● THE DATA
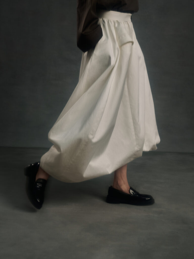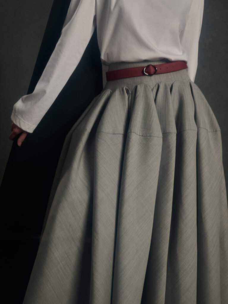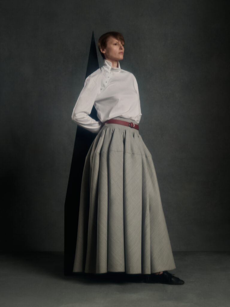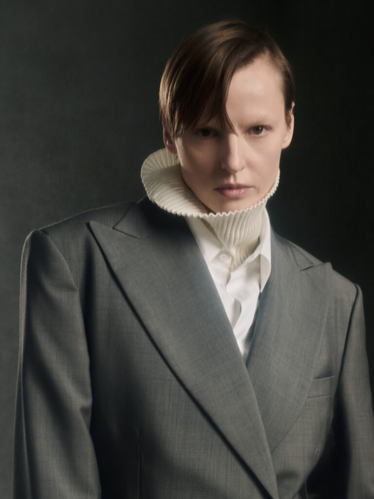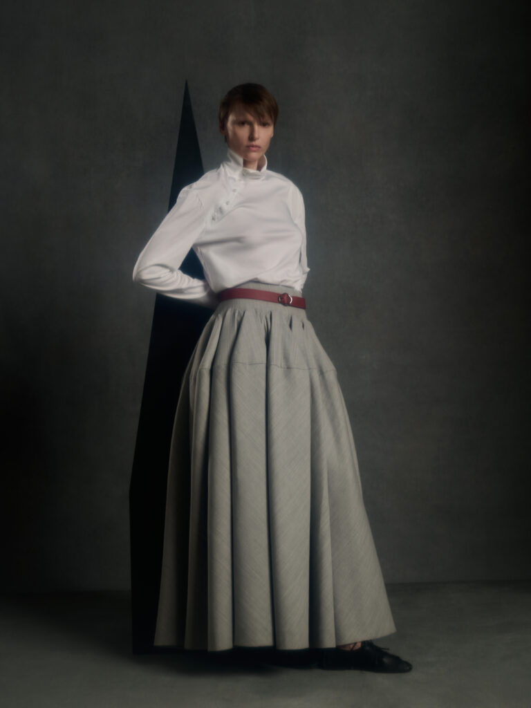 Puis vient le jeu des disproportions. Une veste double-boutonnage aux volumes elargis (Look 4) est associee a une jupe ou volume ecru tres ample, presque en corolle, qui fait basculer le vestiaire masculin vers une forme de presence scenique – pas un « gender statement » plaqué, plutot une logique de construction ou le corps n’est plus contenu mais revele par l’accumulation et l’air entre les couches. Dans d’autres images, un grand col plisse type fraise sur costume gris (Look 8) introduit une note quasi ceremonielle: le vetement comme apparat intime, pas comme deguisement.
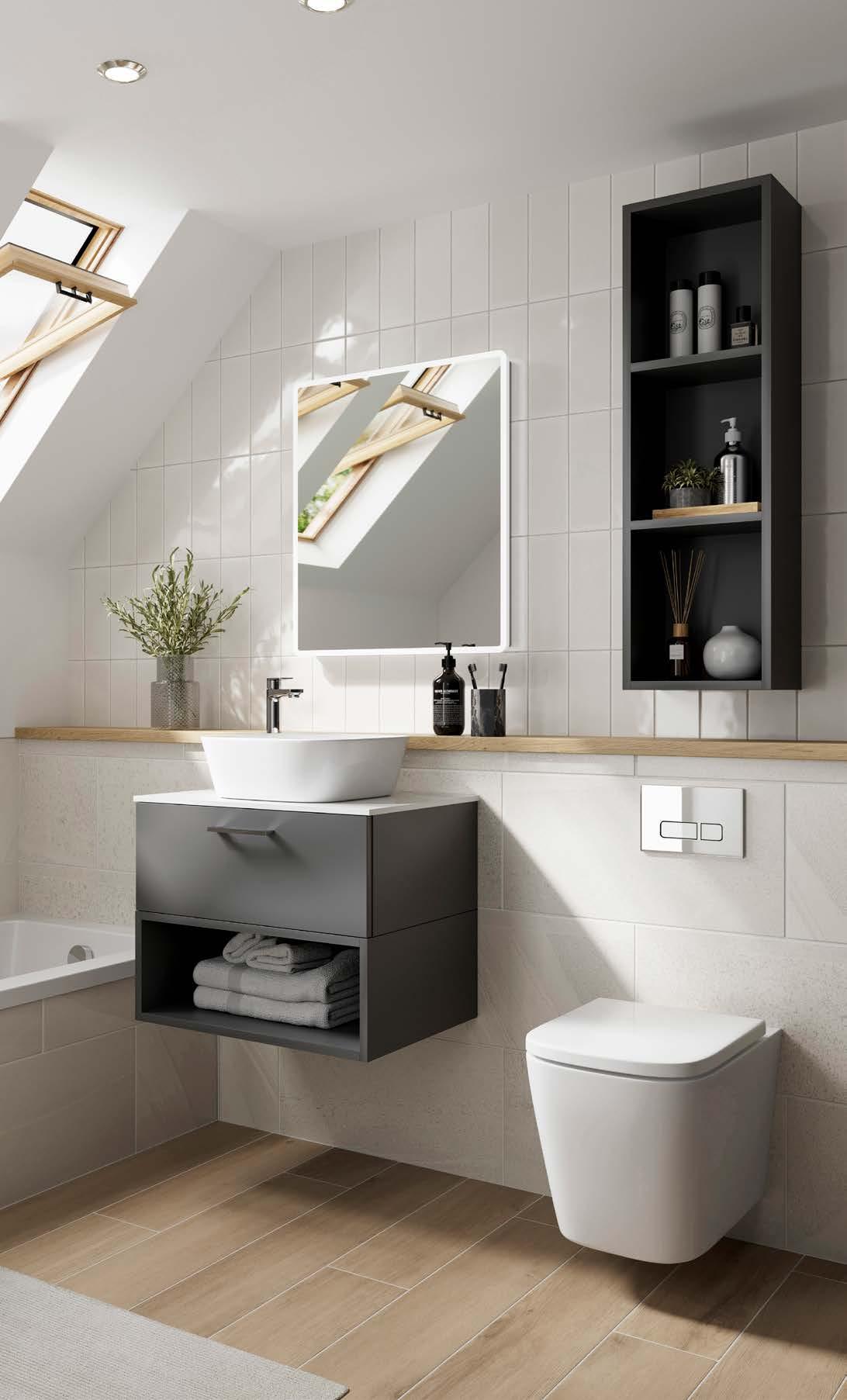 Three of our popular colours are now available as basins - Matt Antique Rose, Matt Parisian Blue & Stone Matt. The distinctive curves of the basin contrast stylishly with the inset, geometric lines of the white units.
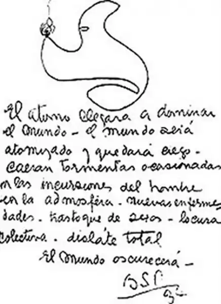 "Атом завладеет миром. Планета ослепнет. Человек спровоцирует случайные бури и природные катаклизмы, новые формы болезней, сексуальную беспорядочность, массовое помутнение рассудка, всеобщее отупение. Мир погрузится во тьму." (1934)

● TASK DETAILS
Every line above is to be given again exactly, apart from the pictures.

● ANSWER TO THIS EXERCISE
 Puis vient le jeu des disproportions. Une veste double-boutonnage aux volumes elargis (Look 4) est associee a une jupe ou volume ecru tres ample, presque en corolle, qui fait basculer le vestiaire masculin vers une forme de presence scenique – pas un « gender statement » plaqué, plutot une logique de construction ou le corps n’est plus contenu mais revele par l’accumulation et l’air entre les couches. Dans d’autres images, un grand col plisse type fraise sur costume gris (Look 8) introduit une note quasi ceremonielle: le vetement comme apparat intime, pas comme deguisement.
 Three of our popular colours are now available as basins - Matt Antique Rose, Matt Parisian Blue & Stone Matt. The distinctive curves of the basin contrast stylishly with the inset, geometric lines of the white units.
 "Атом завладеет миром. Планета ослепнет. Человек спровоцирует случайные бури и природные катаклизмы, новые формы болезней, сексуальную беспорядочность, массовое помутнение рассудка, всеобщее отупение. Мир погрузится во тьму." (1934)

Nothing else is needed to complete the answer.